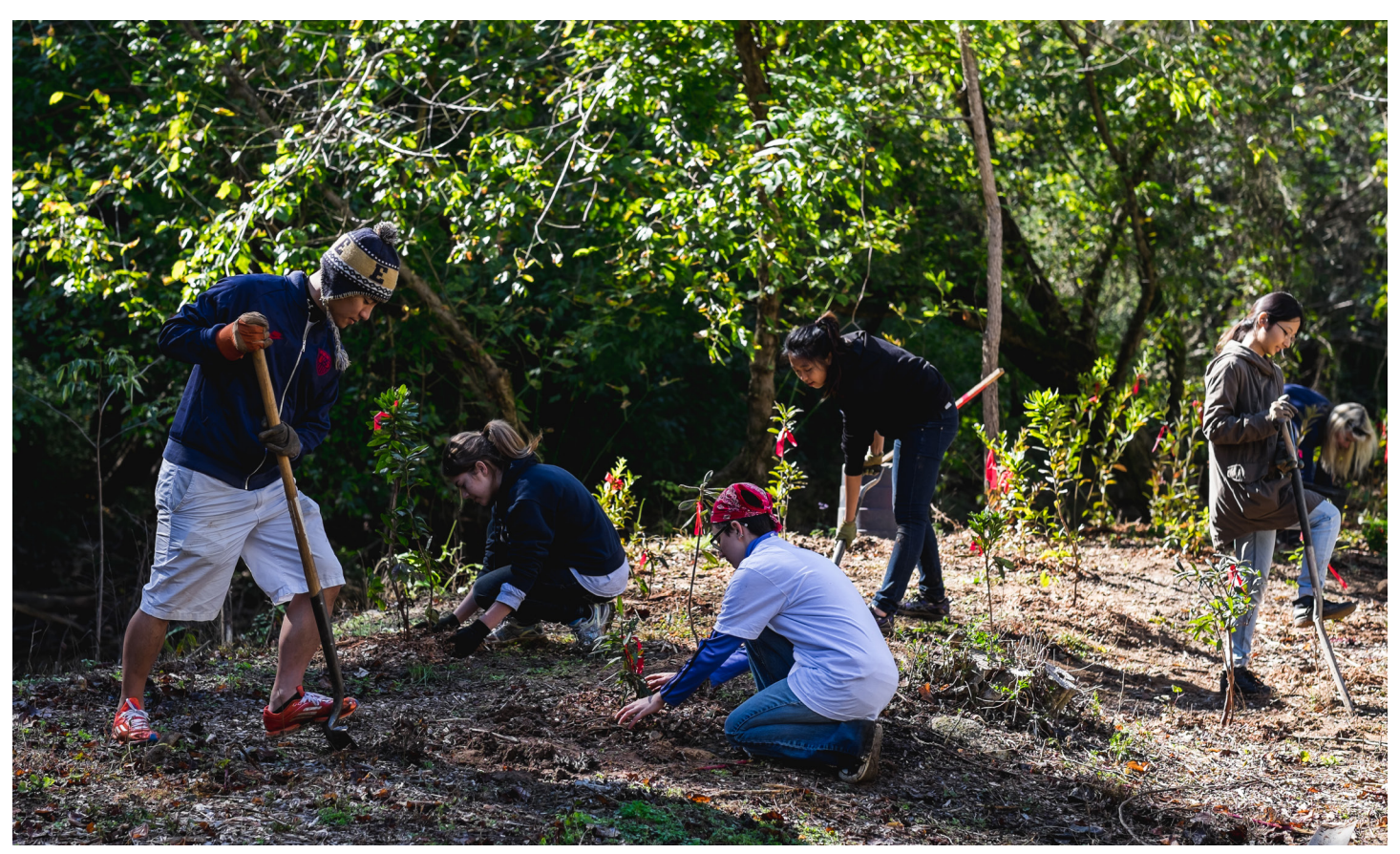
Trees Atlanta and community members plant saplings along South Fork Peachtree Creek in Decatur, Georgia.
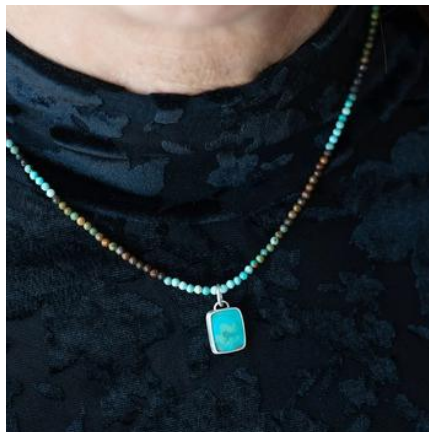
Turquoise Bead Necklace
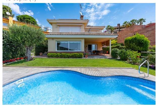
46 copia (1)
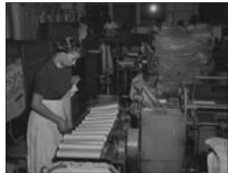
The U.S. Government Printing Office and the Office of the Federal Register are partners in publishing the daily Federal Register . Here a GPO employee operates one of the bindery machines, ca. 1960.

Although the Office of the Federal Register is not often directly involved in litigation, in 1995 and 1996 the Office became entangled in a lawsuit
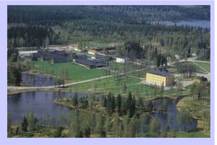
Garpenberg Skogshögskolan (Sweden)

The students develop their Applied Period with partner organisations from business, research and administration throughout the European Union.
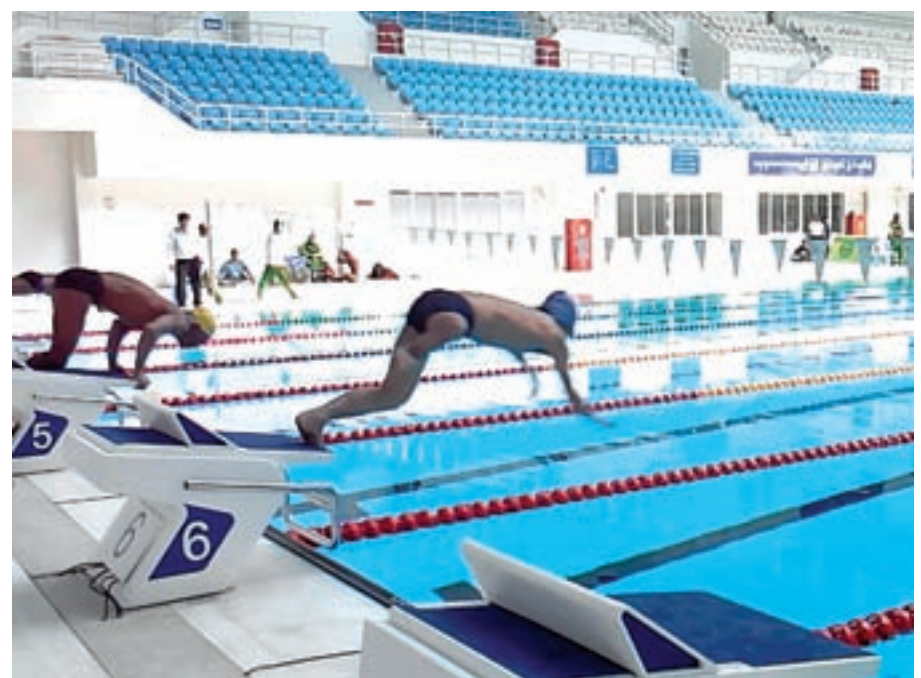
Swimmers with disabilities taking part in swimming competition at Wunna Theikdi swimming pool in Nay Pyi Taw. THAN NAING (ZABUTHIRI)
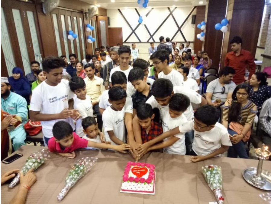
Usha celebrated World Hemophilia Day with members during her assessment visit to Indore chapter.
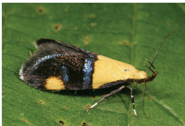
FIG. 2. Live O. bractella female from Bellingham, Washington.

The establishment of breeding populations of O. bractella in North America has been confirmed at two locations (Bellingham, Washington, and Burnaby, British Columbia), where immatures were found in spring 2007. At Burnaby, a half dozen unknown larvae living under the peeling bark of a dying Alnus rubra were collected for rearing in March. On May 3 an adult male O. bractella was found in the rearing chamber. Subsequent collections in this riparian habitat yielded specimens on many different A. rubra offering similar larval habitats, as well as one ornamental Acer sp. in a nearby landscaped environment. Most collections were on dying standing trees, but some were on recently felled
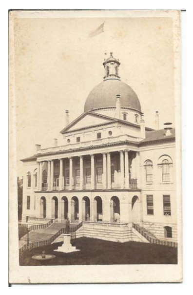
On October 27, 1787, Congress submits the Constitution to the States for ratification.

The bar for acceptance has been set at nine states, but no one is particularly comfortable about "imposing" the contract on holdouts. The unanimity Franklin lobbied for is deemed essential.
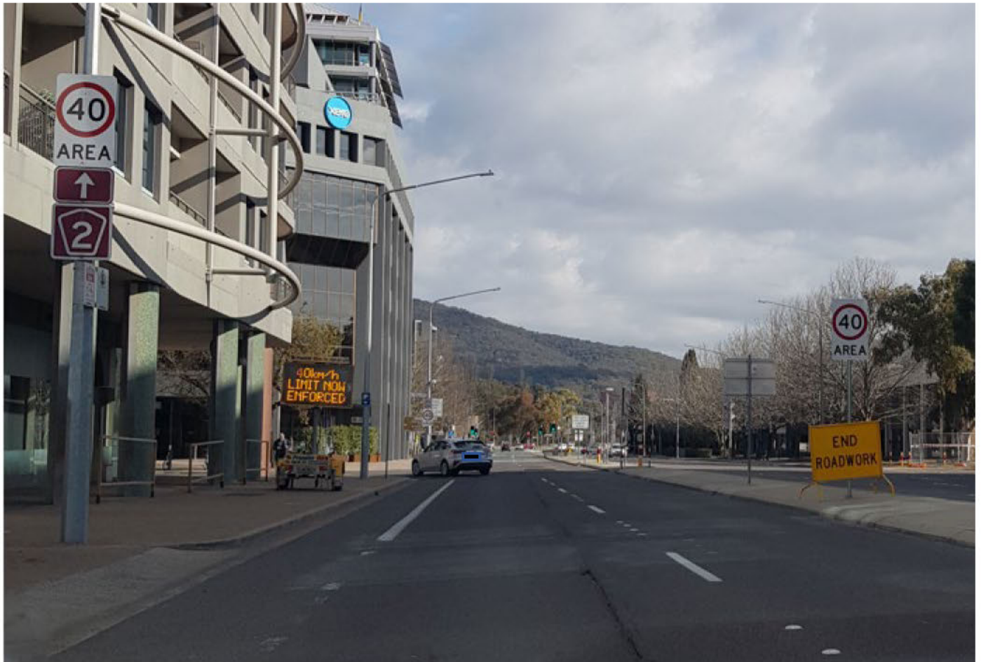
Entering Barry Drive from Northbourne Ave, 40 km zone signs
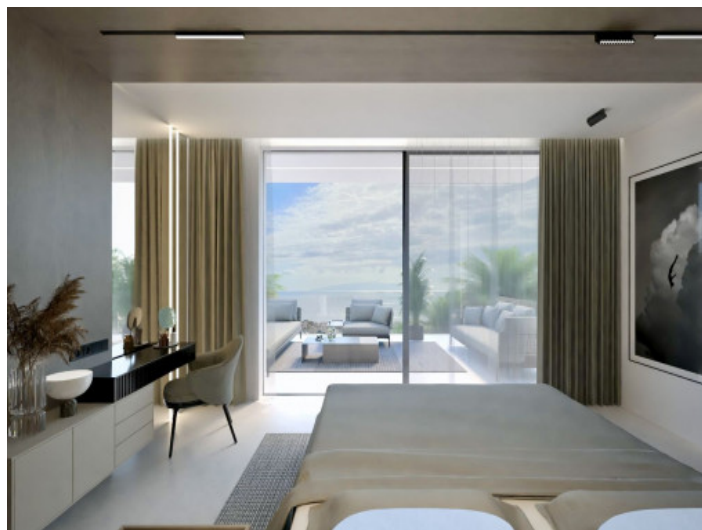
Bedroom on the first floor
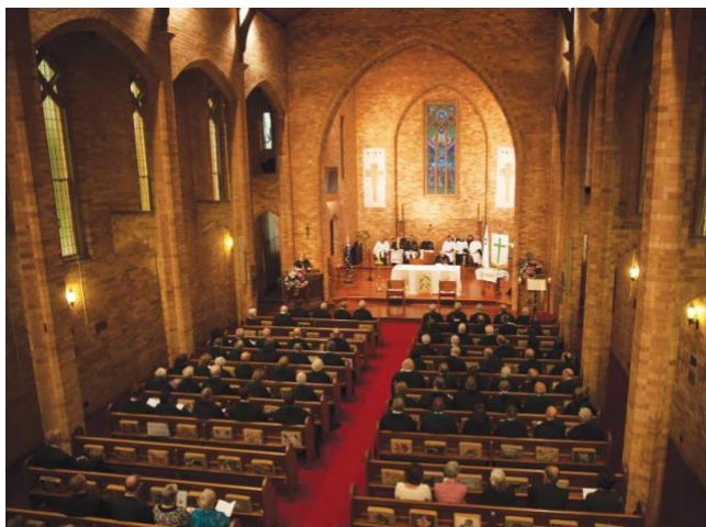
Christian worship and ceremony underpins the Order's charitable works.

In addition to promotion through the ranks of the Order, awards are made for services rendered to supported charities or to the Order itself.
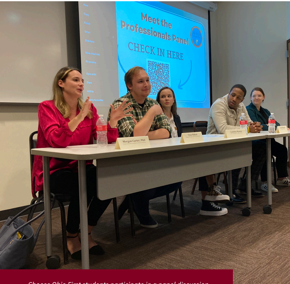
Choose Ohio First students participate in a panel discussion.

These support systems are designed to increase retention and graduation rates for Choose Ohio First Scholars. Many colleges and universities also offer career and post-graduation advising, helping to connect Choose Ohio First graduates with Ohio employers.
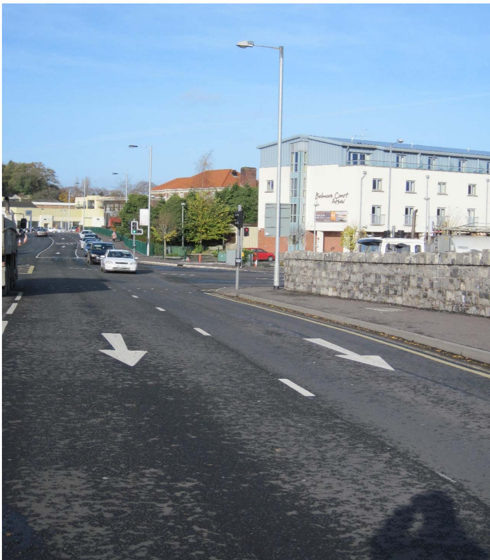
A4 Dublin Road at Wickham Place – Carriageway widening scheme
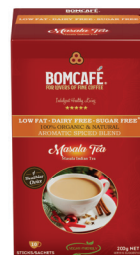
Masala Tea Organic
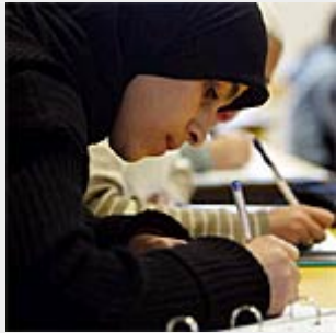
Impractical: Mr Howard says if headscarfs are banned other forms of dress would have to be included.
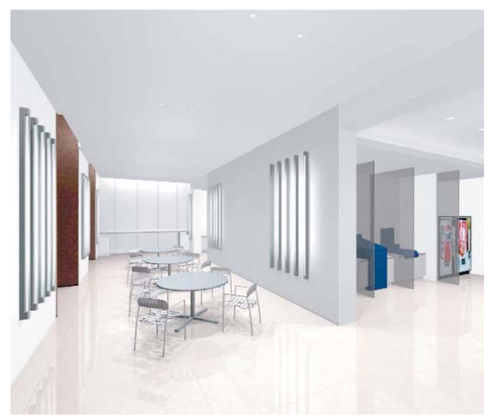
The new Café and Business Center provides an expanded snack stand, consolidated vending and mailing services, and new seating areas for building tenants and visitors.

The success of GSA First Impressions projects at the U.S. Courthouse, along with the ongoing renovations at the Federal Building, is helping the federal workforce in Philadelphia serve the public in a welcoming and professional environment. □

ASSIGNMENT: Leaving the pictures out, give again word for word each line from the one holding "Christian worship and" through the end of the records.

RESPONSE TO THE EXERCISE:
Christian worship and ceremony underpins the Order's charitable works.

In addition to promotion through the ranks of the Order, awards are made for services rendered to supported charities or to the Order itself.
Choose Ohio First students participate in a panel discussion.

These support systems are designed to increase retention and graduation rates for Choose Ohio First Scholars. Many colleges and universities also offer career and post-graduation advising, helping to connect Choose Ohio First graduates with Ohio employers.
A4 Dublin Road at Wickham Place – Carriageway widening scheme
Masala Tea Organic
Impractical: Mr Howard says if headscarfs are banned other forms of dress would have to be included.
The new Café and Business Center provides an expanded snack stand, consolidated vending and mailing services, and new seating areas for building tenants and visitors.

The success of GSA First Impressions projects at the U.S. Courthouse, along with the ongoing renovations at the Federal Building, is helping the federal workforce in Philadelphia serve the public in a welcoming and professional environment. □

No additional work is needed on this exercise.